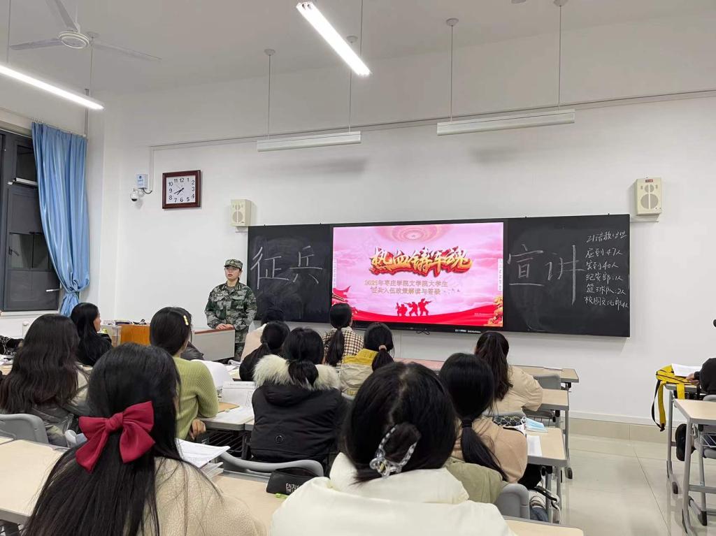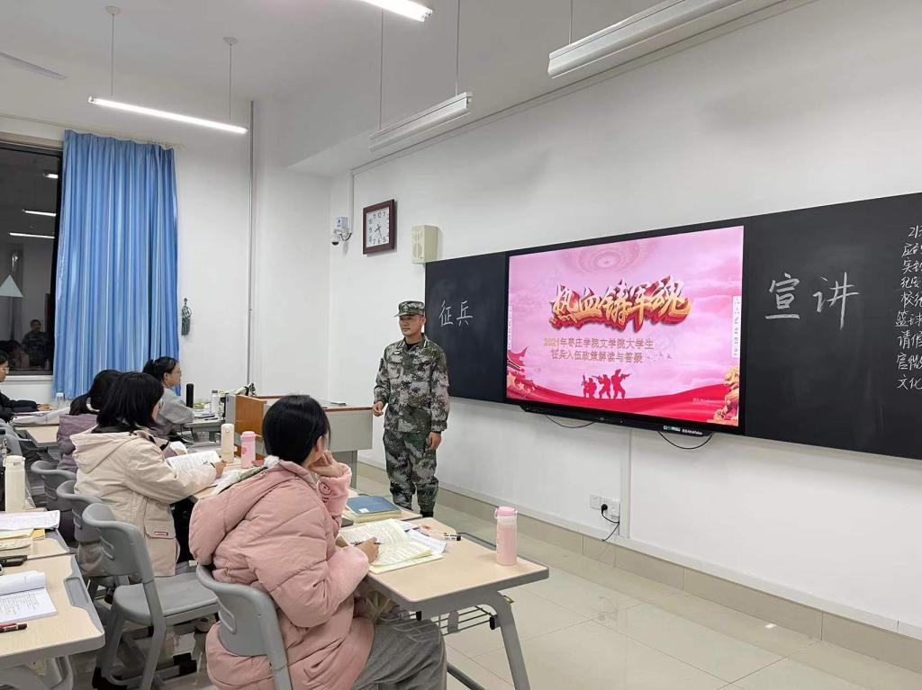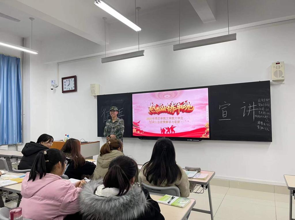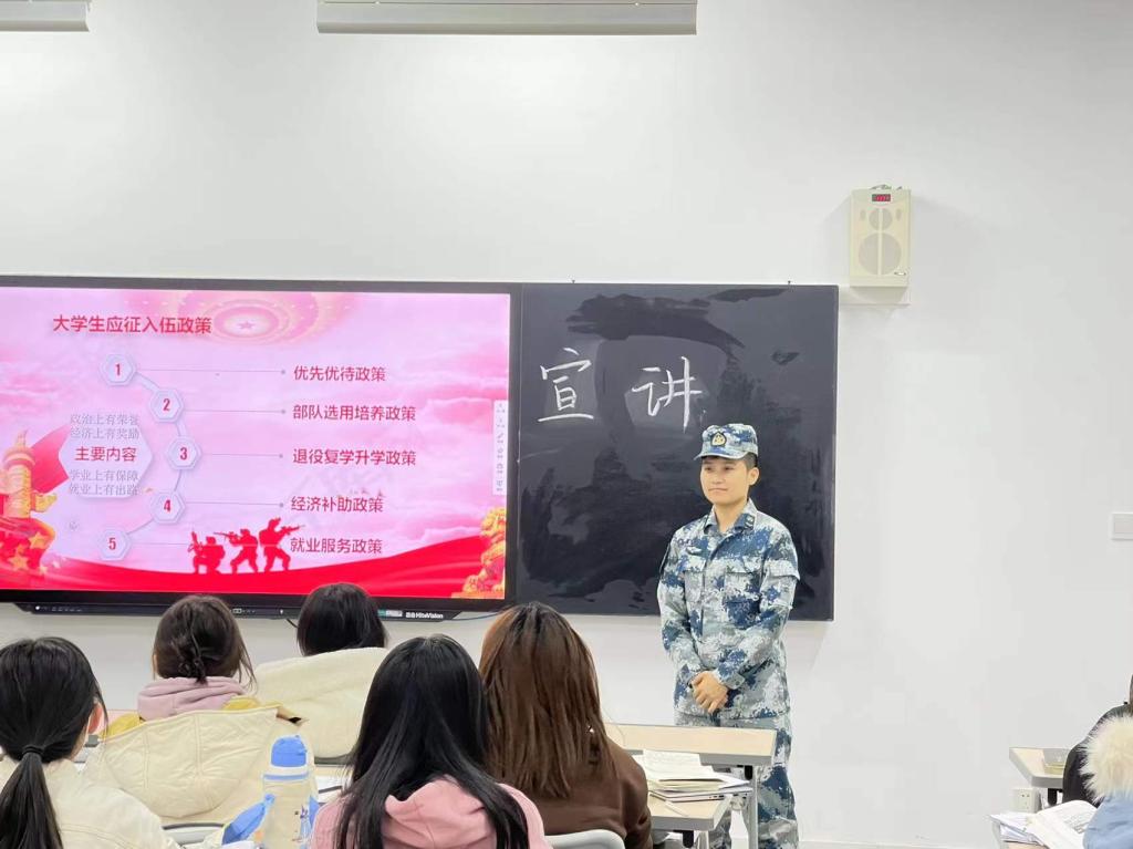 为贯彻落实强国强军思想,提升大学生国防意识,11月23日晚,PA视讯集团网站在各班进行参军入伍政策宣讲。此次宣讲由PA视讯集团网站退役大学生士兵、新校区教官卢萍、刘家名、赵阳和王华勇主讲,PA视讯集团网站21级全体学生到场参加。
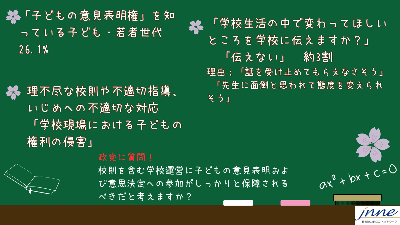 | E党 | E党は、「行き過ぎた校則で子どもたちの尊厳が傷つけられることがあってはならない」と考え、子どもたちの意見表明・意思決定のため、児童生徒、保護者、教職員が互いに話し合いながら、校則や学校行事などを決めていく「学校内民主主義」の実現に取り組んできました。 そして、生徒指導の手引書である「生徒指導提要」の12年ぶりの改訂を後押しし、校則見直しの際に、子どもの意見を聞くことが推奨されることになりました。学校運営に子どもの意見表明および意思決定への参加がしっかりと保障されるために、これからも子どもの意見表明・意思決定ができる学校内民主主義を進めていきます。 | |||||||
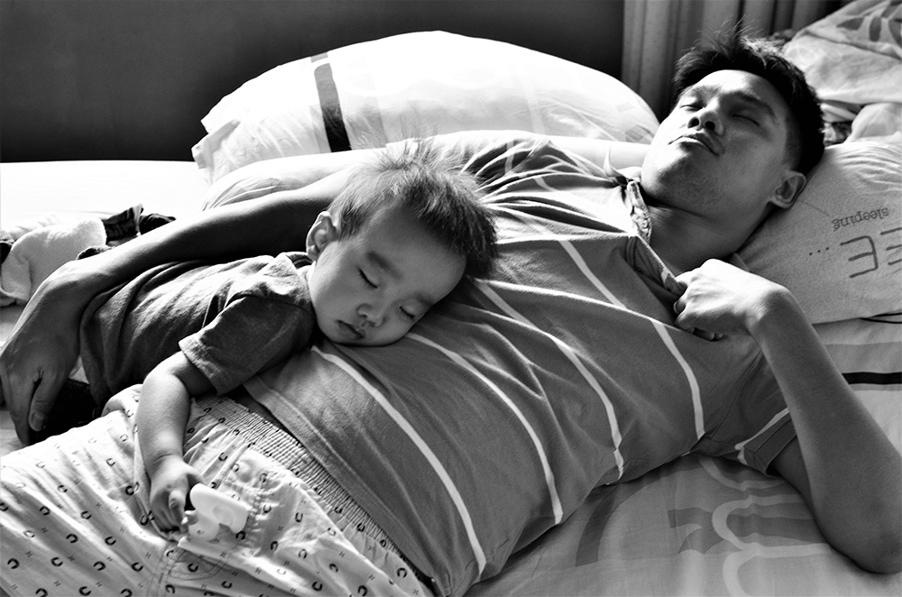一緒に遊んでいるうちに、2人とも寝てしまいました。父ちゃんの大きな体の温もりが大好きな息子と、息子の体重も気にせず爆睡できる夫です。
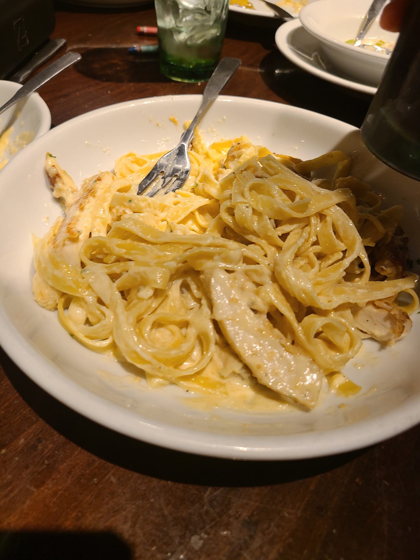 Read moreProbably one of the worst dining experiences I've had recently The girl that was serving us was trying her best, but the food was horrible it took forever to get anything to the table and when they did it was either ice cold or just not good when they finally brought out the food they told us that they had run out of french fries and asked if we wanted a different side dishes for our kids they offered grapes or broccoli which is not a horrible substitute but when they brought the grapes out there was literally four grapes and a little tiny side cup, My wife's food didn't actually ever come out they brought out my son's pizza first which was ice cold the cheese wasn't even melted and they brought my daughter's fettuccine Alfredo which should be a slam dunk for a place like this and it was horrible and cold then they brought my daughter's chicken strips which she said she actually liked and they were very good but no fries and then the grapes as I said above. I ordered the ravioli once again for a place like this should be a slam dunk they were horrible the sauce was watery the noodles weren't cooked all the way and it looks like they put it under the salamander for heat and let it sit for like an hour it was terrible and the whole time we're still waiting for them to bring out My wife's plate which never actually came,after about 10 minutes we literally got up and just walked out. About the only positive thing I can say about this place is that the staff were friendly and polite but the food was absolutely some of the worst food I've ever had. Even the breadsticks were bad, The iconic Olive garden breadsticks were bad!!!!! How is that...
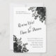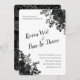 Our black and white floral rose gothic wedding invitations are made to match out Gothic Black Rose Wedding Collection. Dark black and bright white contrast with an abundance of dark floral motifs. Script font paired with serif font, lends to an artistic look that matches well with gothic style.
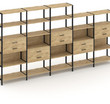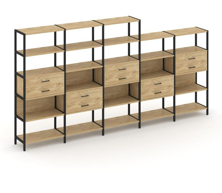 Shelf System Пятисекционный стеллаж пятиярусный с ящиками SN.STM-551 Тиквуд Светлый/Металл Черный 39
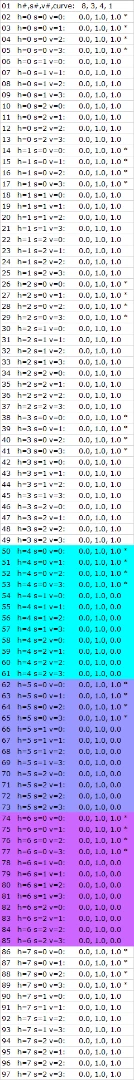 To determine this, based on the pseudo-code in the PDF, I wrote a C# program in LINQPad 5 to output not only the rows of the looktable.csv but also the corresponding HSV color-segment numbers, where the Hue segment numbers go from 0 to 7 (8 segments), the Saturation-segment numbers go from 0 to 2 (3 segments) and the Value segment numbers go from 0 to 3 (4 segments).

::::

[HOW TO COMPLETE THIS TASK] Leave out the pictures and copy every record above exactly.

[WORKED SOLUTION]
 为贯彻落实强国强军思想,提升大学生国防意识,11月23日晚,PA视讯集团网站在各班进行参军入伍政策宣讲。此次宣讲由PA视讯集团网站退役大学生士兵、新校区教官卢萍、刘家名、赵阳和王华勇主讲,PA视讯集团网站21级全体学生到场参加。
 | E党 | E党は、「行き過ぎた校則で子どもたちの尊厳が傷つけられることがあってはならない」と考え、子どもたちの意見表明・意思決定のため、児童生徒、保護者、教職員が互いに話し合いながら、校則や学校行事などを決めていく「学校内民主主義」の実現に取り組んできました。 そして、生徒指導の手引書である「生徒指導提要」の12年ぶりの改訂を後押しし、校則見直しの際に、子どもの意見を聞くことが推奨されることになりました。学校運営に子どもの意見表明および意思決定への参加がしっかりと保障されるために、これからも子どもの意見表明・意思決定ができる学校内民主主義を進めていきます。 | |||||||
一緒に遊んでいるうちに、2人とも寝てしまいました。父ちゃんの大きな体の温もりが大好きな息子と、息子の体重も気にせず爆睡できる夫です。
 Read moreProbably one of the worst dining experiences I've had recently The girl that was serving us was trying her best, but the food was horrible it took forever to get anything to the table and when they did it was either ice cold or just not good when they finally brought out the food they told us that they had run out of french fries and asked if we wanted a different side dishes for our kids they offered grapes or broccoli which is not a horrible substitute but when they brought the grapes out there was literally four grapes and a little tiny side cup, My wife's food didn't actually ever come out they brought out my son's pizza first which was ice cold the cheese wasn't even melted and they brought my daughter's fettuccine Alfredo which should be a slam dunk for a place like this and it was horrible and cold then they brought my daughter's chicken strips which she said she actually liked and they were very good but no fries and then the grapes as I said above. I ordered the ravioli once again for a place like this should be a slam dunk they were horrible the sauce was watery the noodles weren't cooked all the way and it looks like they put it under the salamander for heat and let it sit for like an hour it was terrible and the whole time we're still waiting for them to bring out My wife's plate which never actually came,after about 10 minutes we literally got up and just walked out. About the only positive thing I can say about this place is that the staff were friendly and polite but the food was absolutely some of the worst food I've ever had. Even the breadsticks were bad, The iconic Olive garden breadsticks were bad!!!!! How is that...
 Our black and white floral rose gothic wedding invitations are made to match out Gothic Black Rose Wedding Collection. Dark black and bright white contrast with an abundance of dark floral motifs. Script font paired with serif font, lends to an artistic look that matches well with gothic style.
 Shelf System Пятисекционный стеллаж пятиярусный с ящиками SN.STM-551 Тиквуд Светлый/Металл Черный 39
 To determine this, based on the pseudo-code in the PDF, I wrote a C# program in LINQPad 5 to output not only the rows of the looktable.csv but also the corresponding HSV color-segment numbers, where the Hue segment numbers go from 0 to 7 (8 segments), the Saturation-segment numbers go from 0 to 2 (3 segments) and the Value segment numbers go from 0 to 3 (4 segments).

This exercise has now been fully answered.